The Free Rechtlehre school is a free school, because it does not
always rely on laws (laws) made by the legislature. Of course you still
remember the previous description which stated that in the legal system every
judge is bound by law, this is very contrary to the freeie
rechtlehre school. Because according to Freie Rechtlehre's point of view,
judges are free to improvise to determine or create laws, and are also free to
distort laws that are no longer relevant. This is due to Freeie
Rechtlehre's opinion that the judge's job is to
create law. So that an understanding of jurisprudence is primary in studying
law, while laws are secondary. In this Free Rechtslehre
school, judges actually function as creators of law (Cudge
made law), because decisions made are definitely based on the judge's
convictions. The judge's decision is also more dynamic and up to date, because
it always follows the changing times and the demands of society. In addition,
the law is only formed by the judiciary (rechts-spraak).
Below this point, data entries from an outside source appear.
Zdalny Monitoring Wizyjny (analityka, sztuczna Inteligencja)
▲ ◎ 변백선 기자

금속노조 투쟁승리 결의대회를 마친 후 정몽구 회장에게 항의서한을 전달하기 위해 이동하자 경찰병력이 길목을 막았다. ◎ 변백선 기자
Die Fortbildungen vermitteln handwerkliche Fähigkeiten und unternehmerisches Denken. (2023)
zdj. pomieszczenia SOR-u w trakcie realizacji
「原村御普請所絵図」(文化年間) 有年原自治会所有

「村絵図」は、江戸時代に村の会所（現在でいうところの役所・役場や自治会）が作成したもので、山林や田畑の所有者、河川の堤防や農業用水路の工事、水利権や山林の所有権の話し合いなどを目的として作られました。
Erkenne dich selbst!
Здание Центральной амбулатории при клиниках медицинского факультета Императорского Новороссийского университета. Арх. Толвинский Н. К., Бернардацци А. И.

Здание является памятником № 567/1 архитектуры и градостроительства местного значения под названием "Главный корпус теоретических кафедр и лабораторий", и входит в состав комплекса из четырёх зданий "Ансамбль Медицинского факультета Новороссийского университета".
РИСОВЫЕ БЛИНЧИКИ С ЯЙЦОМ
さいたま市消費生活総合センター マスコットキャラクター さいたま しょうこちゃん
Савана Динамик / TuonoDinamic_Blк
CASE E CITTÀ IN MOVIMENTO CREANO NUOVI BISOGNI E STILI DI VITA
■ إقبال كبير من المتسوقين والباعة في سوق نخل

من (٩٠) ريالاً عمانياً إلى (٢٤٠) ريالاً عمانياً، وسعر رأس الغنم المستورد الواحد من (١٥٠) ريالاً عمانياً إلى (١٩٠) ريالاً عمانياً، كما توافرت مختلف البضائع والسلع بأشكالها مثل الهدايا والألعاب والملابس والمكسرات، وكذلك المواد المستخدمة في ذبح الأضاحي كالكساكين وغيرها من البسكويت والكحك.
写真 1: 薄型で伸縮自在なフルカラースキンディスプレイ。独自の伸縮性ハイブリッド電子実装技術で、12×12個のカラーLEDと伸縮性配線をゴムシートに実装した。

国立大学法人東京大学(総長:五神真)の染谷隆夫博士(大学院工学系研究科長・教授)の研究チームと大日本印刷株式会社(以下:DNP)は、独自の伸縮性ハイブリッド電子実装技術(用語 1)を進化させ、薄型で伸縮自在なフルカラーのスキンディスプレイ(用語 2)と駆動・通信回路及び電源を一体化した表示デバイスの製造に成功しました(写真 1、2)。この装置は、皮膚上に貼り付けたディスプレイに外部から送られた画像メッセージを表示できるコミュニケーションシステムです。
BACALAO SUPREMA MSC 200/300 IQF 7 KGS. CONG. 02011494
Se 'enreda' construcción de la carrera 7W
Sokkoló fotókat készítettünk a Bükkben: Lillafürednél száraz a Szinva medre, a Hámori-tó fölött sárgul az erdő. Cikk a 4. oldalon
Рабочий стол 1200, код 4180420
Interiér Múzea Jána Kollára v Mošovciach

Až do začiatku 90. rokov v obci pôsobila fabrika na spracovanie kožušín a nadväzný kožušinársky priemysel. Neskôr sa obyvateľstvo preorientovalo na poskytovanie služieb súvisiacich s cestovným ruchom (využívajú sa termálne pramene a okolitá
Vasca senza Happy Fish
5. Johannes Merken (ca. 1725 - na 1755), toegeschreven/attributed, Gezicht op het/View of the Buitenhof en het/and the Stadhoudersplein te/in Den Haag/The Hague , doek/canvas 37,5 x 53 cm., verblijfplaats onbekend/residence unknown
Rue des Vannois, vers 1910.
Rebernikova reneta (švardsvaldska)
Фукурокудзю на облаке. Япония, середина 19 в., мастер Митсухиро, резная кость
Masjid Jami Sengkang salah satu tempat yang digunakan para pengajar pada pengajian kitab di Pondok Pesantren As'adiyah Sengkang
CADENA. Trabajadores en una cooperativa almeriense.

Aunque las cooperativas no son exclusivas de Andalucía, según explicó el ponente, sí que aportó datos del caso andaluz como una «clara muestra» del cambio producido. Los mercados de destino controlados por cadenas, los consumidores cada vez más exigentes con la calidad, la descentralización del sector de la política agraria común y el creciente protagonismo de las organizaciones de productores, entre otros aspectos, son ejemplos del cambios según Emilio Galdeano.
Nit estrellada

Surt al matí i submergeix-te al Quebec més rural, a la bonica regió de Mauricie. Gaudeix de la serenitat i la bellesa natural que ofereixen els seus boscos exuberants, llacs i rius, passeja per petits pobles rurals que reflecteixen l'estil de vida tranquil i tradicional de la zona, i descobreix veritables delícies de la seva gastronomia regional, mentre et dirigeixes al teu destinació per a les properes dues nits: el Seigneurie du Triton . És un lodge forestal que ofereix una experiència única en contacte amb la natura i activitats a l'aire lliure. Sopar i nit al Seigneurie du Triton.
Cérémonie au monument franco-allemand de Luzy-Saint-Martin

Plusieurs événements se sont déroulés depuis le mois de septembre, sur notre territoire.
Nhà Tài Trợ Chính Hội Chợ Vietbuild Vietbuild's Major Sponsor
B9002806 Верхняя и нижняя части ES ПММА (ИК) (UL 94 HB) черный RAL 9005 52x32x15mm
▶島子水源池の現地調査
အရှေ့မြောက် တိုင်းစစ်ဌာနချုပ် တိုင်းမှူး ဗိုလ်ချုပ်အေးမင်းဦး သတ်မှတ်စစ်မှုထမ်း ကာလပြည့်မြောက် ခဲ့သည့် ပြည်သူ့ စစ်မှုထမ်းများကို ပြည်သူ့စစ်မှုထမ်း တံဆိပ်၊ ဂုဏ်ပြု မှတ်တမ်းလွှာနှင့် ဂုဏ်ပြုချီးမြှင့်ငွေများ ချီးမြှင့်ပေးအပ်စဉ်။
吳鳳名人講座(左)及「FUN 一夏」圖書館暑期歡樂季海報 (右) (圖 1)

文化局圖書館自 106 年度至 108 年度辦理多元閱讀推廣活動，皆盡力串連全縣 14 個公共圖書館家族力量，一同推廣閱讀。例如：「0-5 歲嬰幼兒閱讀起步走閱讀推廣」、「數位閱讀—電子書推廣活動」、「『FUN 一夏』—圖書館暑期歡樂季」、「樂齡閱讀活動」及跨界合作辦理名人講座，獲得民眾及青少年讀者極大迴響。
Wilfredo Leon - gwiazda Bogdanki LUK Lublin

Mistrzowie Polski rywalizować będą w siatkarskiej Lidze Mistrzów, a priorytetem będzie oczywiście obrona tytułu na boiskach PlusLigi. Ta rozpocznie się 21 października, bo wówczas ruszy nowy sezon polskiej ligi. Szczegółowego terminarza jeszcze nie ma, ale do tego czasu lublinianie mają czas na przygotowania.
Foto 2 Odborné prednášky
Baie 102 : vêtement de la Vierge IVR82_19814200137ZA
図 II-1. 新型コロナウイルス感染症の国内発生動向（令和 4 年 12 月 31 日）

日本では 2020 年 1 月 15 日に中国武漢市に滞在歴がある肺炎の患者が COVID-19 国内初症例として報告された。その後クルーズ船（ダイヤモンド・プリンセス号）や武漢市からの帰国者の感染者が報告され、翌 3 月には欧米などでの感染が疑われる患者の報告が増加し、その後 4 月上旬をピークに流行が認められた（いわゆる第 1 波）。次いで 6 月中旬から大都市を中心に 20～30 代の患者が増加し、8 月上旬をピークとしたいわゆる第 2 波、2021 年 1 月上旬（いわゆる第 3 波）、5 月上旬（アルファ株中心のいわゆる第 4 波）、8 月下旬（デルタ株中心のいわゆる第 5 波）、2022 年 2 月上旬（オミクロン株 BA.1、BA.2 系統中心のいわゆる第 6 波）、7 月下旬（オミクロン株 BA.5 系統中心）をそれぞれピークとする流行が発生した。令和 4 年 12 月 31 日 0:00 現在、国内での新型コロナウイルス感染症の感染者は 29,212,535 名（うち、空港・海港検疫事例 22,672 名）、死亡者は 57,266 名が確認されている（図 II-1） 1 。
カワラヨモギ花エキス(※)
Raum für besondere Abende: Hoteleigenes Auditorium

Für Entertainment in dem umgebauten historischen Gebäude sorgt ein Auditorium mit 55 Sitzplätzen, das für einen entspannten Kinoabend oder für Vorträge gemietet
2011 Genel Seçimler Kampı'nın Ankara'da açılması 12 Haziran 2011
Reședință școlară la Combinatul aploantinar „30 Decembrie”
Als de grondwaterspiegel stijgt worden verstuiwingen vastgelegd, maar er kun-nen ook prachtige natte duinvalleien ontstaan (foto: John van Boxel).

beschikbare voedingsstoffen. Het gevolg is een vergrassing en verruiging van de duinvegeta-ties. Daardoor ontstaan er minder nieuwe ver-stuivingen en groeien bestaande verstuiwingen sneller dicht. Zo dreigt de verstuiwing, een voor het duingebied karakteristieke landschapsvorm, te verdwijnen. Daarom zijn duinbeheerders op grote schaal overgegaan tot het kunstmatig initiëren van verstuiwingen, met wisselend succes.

So that laws, customs and so on are only functioned by judges as a means in
forming/creating or finding laws in concrete cases (Soeroso, 2021).
This school is
the anti-thesis of Legism, totally opposed to what is
the legal paradigm for its bearers. Rejecting categorically the submission of
judges to the law, which places judges as mere sounders (mouthpieces) of the
dictums contained in the law and solves legal problems in a deductive manner.
The emergence of this school because the law of legism
is felt unable to meet the needs and inability to solve new problems in law.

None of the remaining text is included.